Has the autoclustering helped?

In [None]:
#Add the cluster labels to df_sample dataframe

df_clustered = df_pivoted.copy()
df_clustered['cluster'] = list(labels)

In [None]:
#220809 This is not the most sensible way to do this.
#Run HWES ion everthing and then add the clusetr labels to df_metrics

percent_HWES_rmse_better_list = []

for cluster in range(0, cluster_count):
#for cluster in range(0, 2):
    
    key_list = df_clustered[df_clustered['cluster'] == cluster].index.to_list()
    
    df_demand = get_demand(key_list, engine)
    df_errors, df_hwes_forecasts = predict_using_hwes(df_demand, FCST_PERIOD)
    df_metrics = calc_prediction_metrics(df_hwes_forecasts)
    
    total_fcsts = len(df_metrics)
    num_hwes_rmse_better = df_metrics['pred_rmse_lower'].sum()
    percent_HWES_rmse_better = round((num_hwes_rmse_better/total_fcsts)*100, 1)
    
    percent_HWES_rmse_better_list.append(percent_HWES_rmse_better)

    

In [None]:
#Which clusters perform best
list(zip(range(0, cluster_count),n, percent_HWES_rmse_better_list))

In [None]:
df_results = pd.DataFrame()
df_results['cluster'] = ar_unique
df_results['timeseries count'] = n
df_results['% HWES RMSE lower'] = percent_HWES_rmse_better_list

df_results

In [None]:
print(df_results)

# G Time Series Plots

Let's look at the best preforming cluster

In [None]:
#Plot cluster 5 NB only 50 timeseries

plot_list = df_clustered[df_clustered['cluster'] == 5].index.to_list()[:10]
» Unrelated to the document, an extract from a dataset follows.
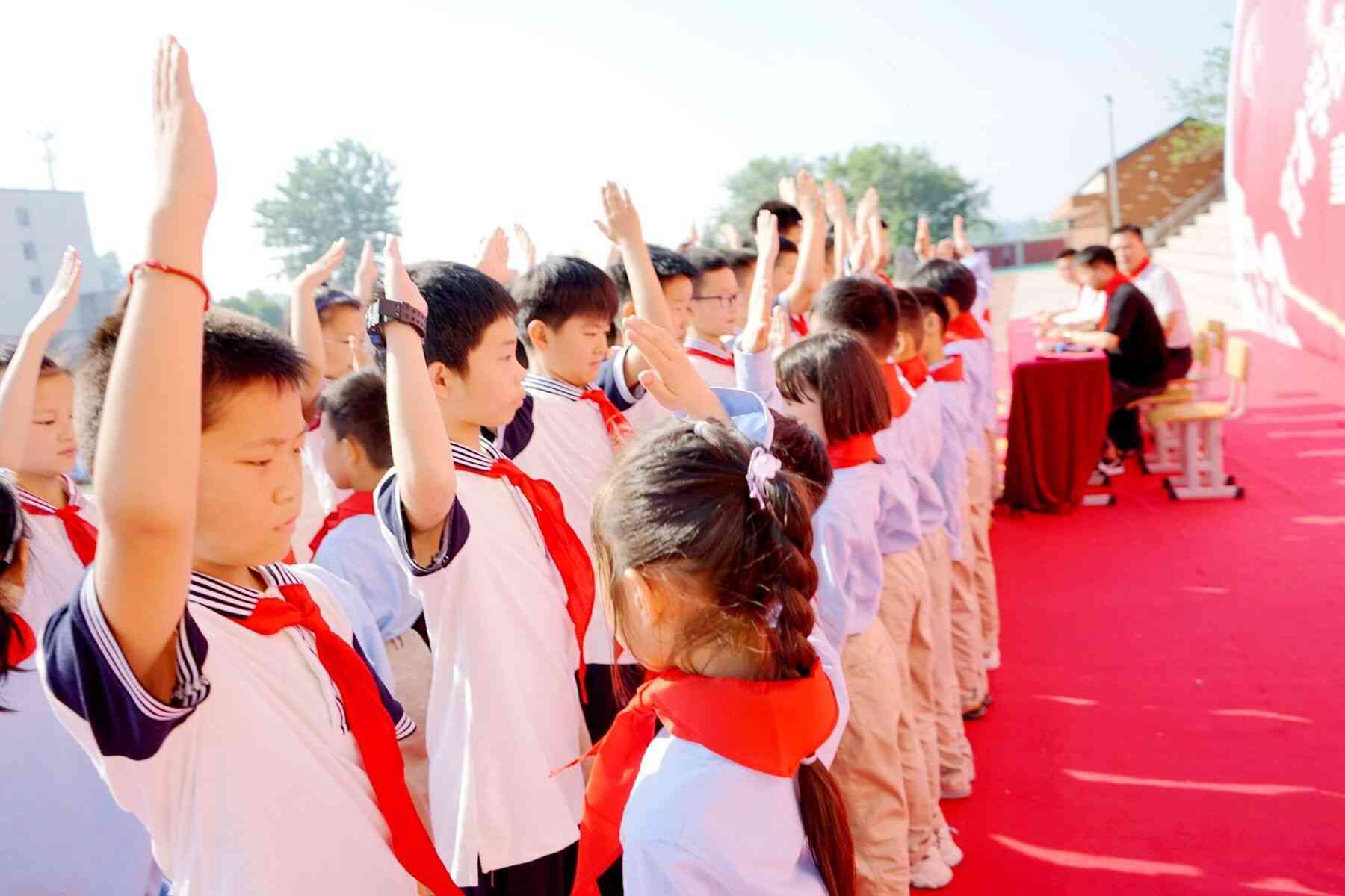 ~ 5月30日,定远县育才学校举行“童心向党 传承红色基因”六一儿童节文艺汇演暨少先队员新队员入队仪式,同学们通过丰富多彩的文艺汇演,庆祝自己的节日并向中国共产党成立100周年献礼。伴随着庄严的出旗曲,大队旗手手执少先队队旗,在护旗手的护航下,迈着坚定的步伐走向仪式现场。在铿锵有力的《中国少年先锋队队歌》后,六年级的老队员们为一年级新队员戴上了鲜艳的红领巾并互敬队礼。在队旗的见证下,新队员迈开了人生成长的重要一步。伴随着嘹亮的呼号声和庄严的退旗曲,育才学校少先队新队员入队仪式圆满结束。

df_demand = get_demand(plot_list, engine)
df_errors, df_hwes_forecasts = predict_using_hwes(df_demand, FCST_PERIOD)
df_metrics = calc_prediction_metrics(df_hwes_forecasts)

plot_sample_preds(plot_list, df_demand, df_hwes_forecasts, FCST_PERIOD)

df_metrics[df_metrics['key'].isin(plot_list)]